His mother had died of a congested heart, had drowned in her body’s own fluids. She hadn’t taken care of herself, she’d been foolish and timid, addicted to hope and ginger candies. He never consumed sweets or alcohol, he never prayed or brooded. He lived simply—a futon, a few bowls, boots he took very good care of. He was in excellent physical condition, lean with rage. He ran, often with a thirty-pound pack of rocks on his back. He was solitary and furious. People left him and his mother’s broken-down house alone.
He was watching a hockey game with one of his acquaintances, Denver Erie Ford. People had been naming their children after dangerous cities for some time now. Denver claimed to have been the beginning of the trend some thirty years before.

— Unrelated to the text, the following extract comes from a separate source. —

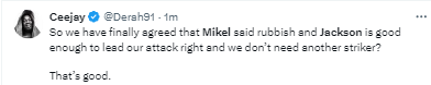 According to most of the reactions, Mikel Only scored six goals for Chelsea while Jackson had 14 just last year.
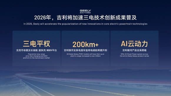 2026年是吉利的产品大年,每个季度都将推出1-2款全新产品,包括多款全新混动车型与全新一代醇氢能源车型,全面覆盖从主流到豪华、从燃油、到新能源的各个细分市场,全力冲击345万辆的年度销量目标。

“You were probably conceived there, in the Mile-High City,” Nolo said.
“I’m sure I was,” Denver agreed, “but the idea’s become decadent. Things are cyclic and at the end of the cycle is decadence.”
“That sounds right.”
“Like you notice the players are all inking Bible verses on their sticks.”
“These ones aren’t.”
“These ones suck,” Denver said. “They’re leaking oil.” He was a 911 operator but he’d been told to kick back, take a break, take a long weekend. “It’s not a mile high anymore,” he mused. “It shrunk.”
“I thought you’d been canned.”
“No, no, no, absolutely not, not canned,” Denver protested. “They just want me to get some rest. It’s a stressful job. Somebody drives their car off the road into a canal and the filthy water’s halfway up the windows and you have to keep saying, ‘What were the last cross streets you remember?’ And you have to speak totally without affect.”
“But you lost your total lack of affect, I heard. I believe you said to some
frightened caller, ‘Disaster can sometimes result in supreme victory.’ ”
“I’d been reading the great dramatists,” Denver said. “I mean the real great dramatists. The Tragedians. They got to me, man.”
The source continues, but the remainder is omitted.